Nel precedente articolo abbiamo parlato della paura del buio: quel momento in cui, prima di dormire, i bambini piangono e non vogliono restare nella loro stanzetta.
Parliamo oggi di come noi genitori possiamo affrontare questa paura, che appartiene a loro ed anche a noi.Si dice che la paura è un vissuto istintivo finalizzato alla sopravvivenza, ma che per darle un senso serve anche il coraggio (che rappresenta il suo versante opposto).
Perché la paura sia evolutiva per i bambini, è quindi necessario trovare il modo di infondere loro non la vergona di provare paura, ma il coraggio di superarla.

Abbiamo già visto come sia importante che il bambino si senta compreso: non bisogna mai sminuire una paura ridicolizzando i nostri figli, piuttosto, è bene osservare tutti i particolari che riguardano non solo il momento della nanna, ma la giornata, il luogo in cui comincia la crisi di pianto.

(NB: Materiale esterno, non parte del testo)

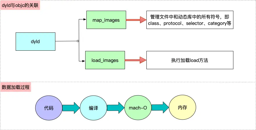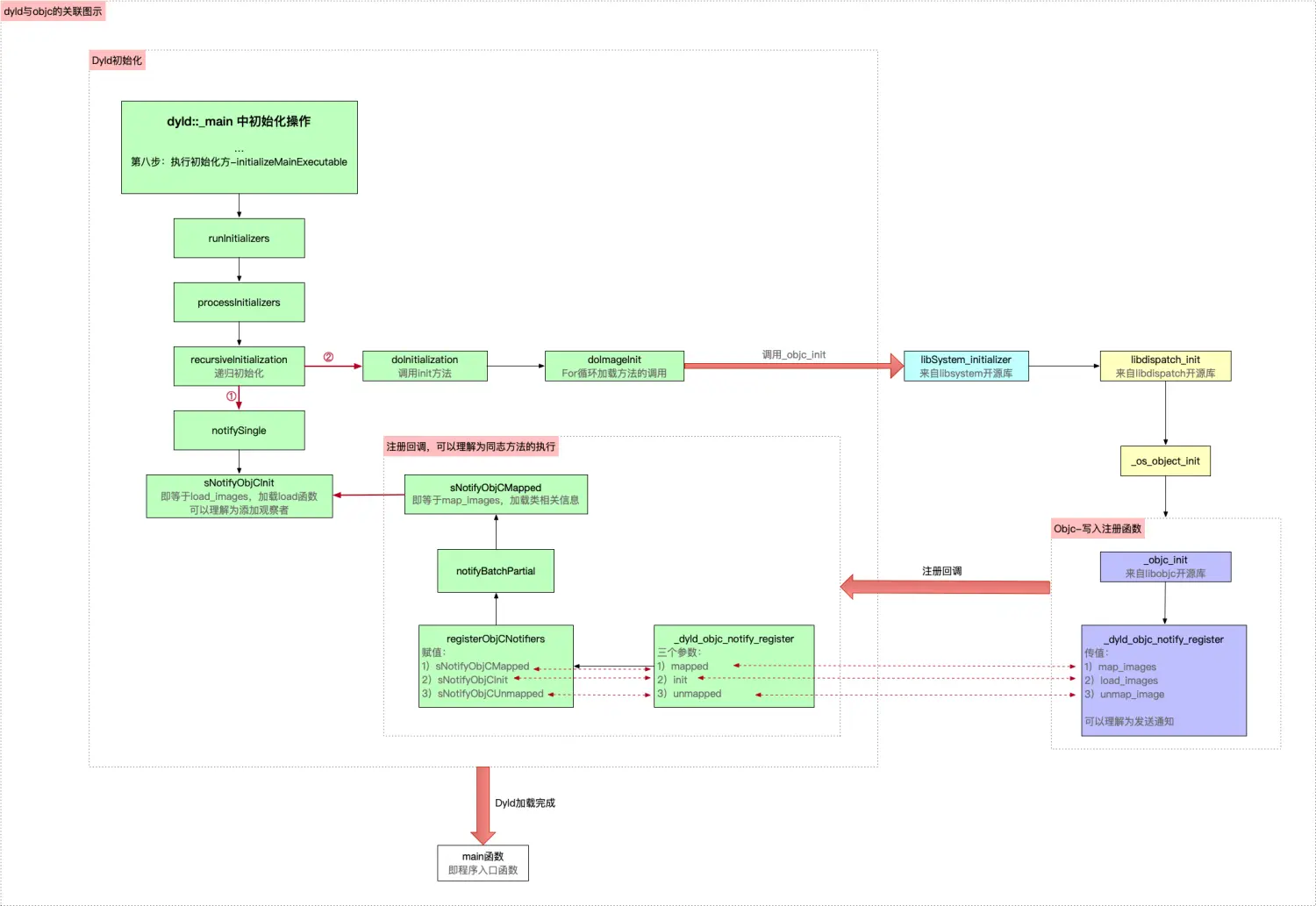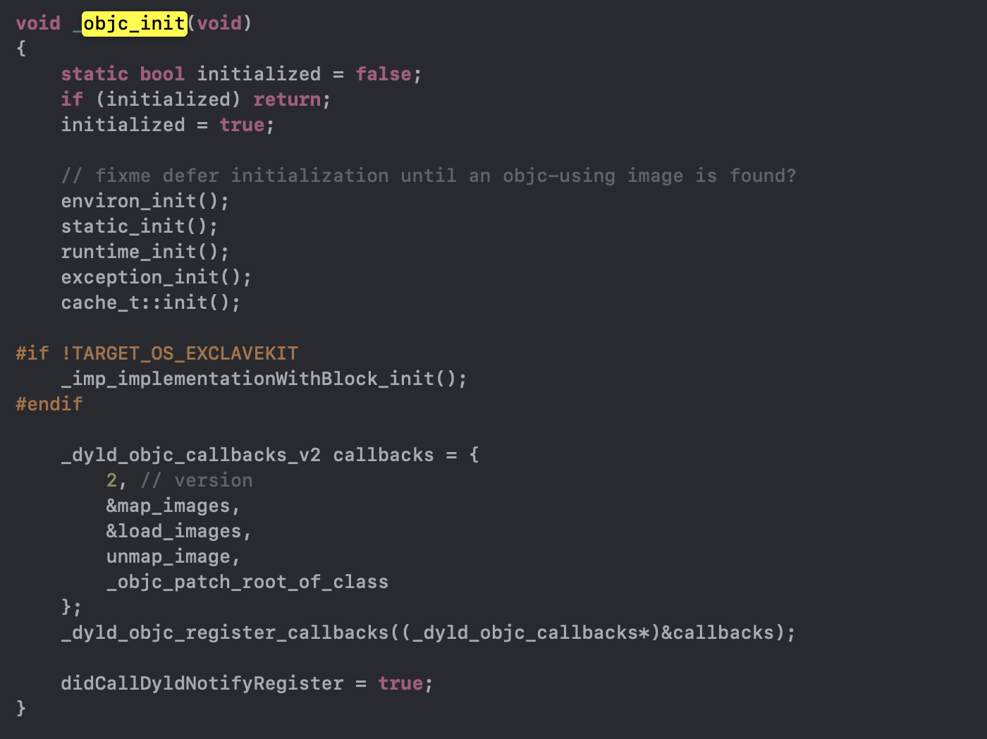 libSystem初始化libSystem很早就调用_objc_init()_objc_init()里把 ObjC runtime 先启动起来,并向 dyld 注册 image 回调- 之后dyld 再继续走库初始化、静态构造器、image 通知、

Questo atteggiamento, attento alle “cose così come accadono”, senza interpretazioni (fenomenologico, ovvero attento a ciò che sentiamo, vediamo, odoriamo, sentiamo sulla pelle), ci aiuta moltissimo.

Tante e tante volte avrete letto di quanto è importante il rituale della nanna: lo confermo anche in questo caso. Quando i piccoli hanno paura del buio hanno indubbiamente bisogno di essere rassicurati.

E’ importante che ogni giorno le cose avvengano nella stessa ora e nello stesso modo, di modo che le piccole certezze quotidiane possano rassicurare il bambino insegnandogli a prevedere e a comprendere ciò che sta accadendo.

Le paure possono insorgere in periodi di cambiamento e di trasformazione, sia in famiglia che nella quotidianità del bambino: mi riferisco a cambiamenti di abitudini, o negli spazi fisici, l’arrivo di un fratellino, l’inizio della scuola, un nuovo lavoro dei genitori, e così via.

A volte i piccoli sono sensibilissimi anche a cose che noi riteniamo scontate, e anche quando sembrano reagire bene “durante il giorno”, la notte si agitano di più.
Essere consapevoli di quanto questo è importante per loro, del loro punto di vista, può aiutarci molto, soprattutto in direzione di una rassicurazione.

Bisogna poi distinguere anche l’intensità del problema: ci sono periodi di “crisi passeggera” che tendono a regredire, altri invece che diventano difficili da attraversare non solo per il bambino ma per l’intera famiglia.

In questi casi è bene consultare uno specialista: uno psicoterapeuta vi aiuterà, attraverso un percorso di sostegno alla genitorialità, a comprendere quanto avviene, fornendovi qualche strumento per risolvere la questione in tempi più brevi.